We follow a number of steps to estimate all of this, but it all starts with the revenue you're gonna make.

a. Revenue

The first step for us is to predict how much money you will make, following the tendency you have had so far.

In this first part, what we do is an accurate prediction of how much revenue you are going to make over the next 30 days. This prediction considers not only the seasonalities your store has, but also the special dates (like Black Friday), and lets out outliers (like really specific campaigns you had for one or a couple of days that shifted considerably your revenue of the period, or B2B sales).

Now, our model is quite special, because not only do we let you see how much money you're supposed to make, but we also let you plat with your numbers a little. After we give you the estimated revenue, you can choose if you wan to 'keep' that prediction, or if you actually want to make a little bit more or a little bit less money. You can adjust revenue by adding up to 30%, or by reducing it up to 30%. So if we predicted you'll make $1,000, you can see the predictions for a revenue as low as $700, $800, $900, etc, all the way up to $1,300.
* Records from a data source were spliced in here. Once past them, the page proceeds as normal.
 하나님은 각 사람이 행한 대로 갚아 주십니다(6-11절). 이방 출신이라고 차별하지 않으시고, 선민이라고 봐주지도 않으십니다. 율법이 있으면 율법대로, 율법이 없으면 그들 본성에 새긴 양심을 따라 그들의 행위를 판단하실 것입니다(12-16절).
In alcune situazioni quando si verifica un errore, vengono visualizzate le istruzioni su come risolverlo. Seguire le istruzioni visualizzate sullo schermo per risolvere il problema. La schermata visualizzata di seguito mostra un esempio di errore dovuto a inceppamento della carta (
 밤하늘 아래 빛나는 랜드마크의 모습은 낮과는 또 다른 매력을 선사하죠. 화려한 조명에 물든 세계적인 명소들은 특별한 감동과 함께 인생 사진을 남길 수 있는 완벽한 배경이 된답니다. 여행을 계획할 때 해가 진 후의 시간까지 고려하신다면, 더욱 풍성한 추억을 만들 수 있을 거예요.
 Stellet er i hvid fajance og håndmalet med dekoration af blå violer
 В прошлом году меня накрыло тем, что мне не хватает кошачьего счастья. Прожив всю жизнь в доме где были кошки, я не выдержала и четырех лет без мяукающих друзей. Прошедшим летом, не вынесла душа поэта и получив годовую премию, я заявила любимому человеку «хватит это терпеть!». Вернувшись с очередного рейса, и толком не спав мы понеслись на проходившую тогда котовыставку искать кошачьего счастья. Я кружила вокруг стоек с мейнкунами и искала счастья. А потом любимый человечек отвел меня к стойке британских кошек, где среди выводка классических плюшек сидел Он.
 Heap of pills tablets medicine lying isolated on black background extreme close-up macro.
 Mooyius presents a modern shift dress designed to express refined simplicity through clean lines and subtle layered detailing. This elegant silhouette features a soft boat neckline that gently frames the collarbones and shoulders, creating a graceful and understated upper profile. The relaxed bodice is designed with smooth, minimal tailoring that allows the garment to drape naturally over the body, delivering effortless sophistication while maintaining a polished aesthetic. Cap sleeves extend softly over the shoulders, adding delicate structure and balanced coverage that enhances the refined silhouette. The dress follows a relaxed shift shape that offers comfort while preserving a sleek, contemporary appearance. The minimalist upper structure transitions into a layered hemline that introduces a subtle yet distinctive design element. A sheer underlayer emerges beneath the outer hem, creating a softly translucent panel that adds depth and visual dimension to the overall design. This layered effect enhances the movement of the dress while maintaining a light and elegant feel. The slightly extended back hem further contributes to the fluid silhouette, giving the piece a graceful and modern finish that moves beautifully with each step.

We do want to stress out, however, that the predictions are more accurate for the baseline value (the $1,000 in the example). This is because of the natural growth trend your store has, and forcing the increase or decrease in revenue is affected by the lag you have in advertising (the amount of time it takes users to buy since they see your ads). We do the prediction from today forward, and you want to affect sales from today forward... But those sales are also affected by what you did in the last few days (or weeks). Even though we do capture a bit of this behavior looking at your customer journeys, the number of sessions you had in the last period, and estimate the number of people we can expect to come back, this behavior is not 100% captured by this (maybe your refraction period is longer, maybe you had a massive campaign that is still producing results, etc). These simulations are really good, but the best one is the one for the baseline revenue.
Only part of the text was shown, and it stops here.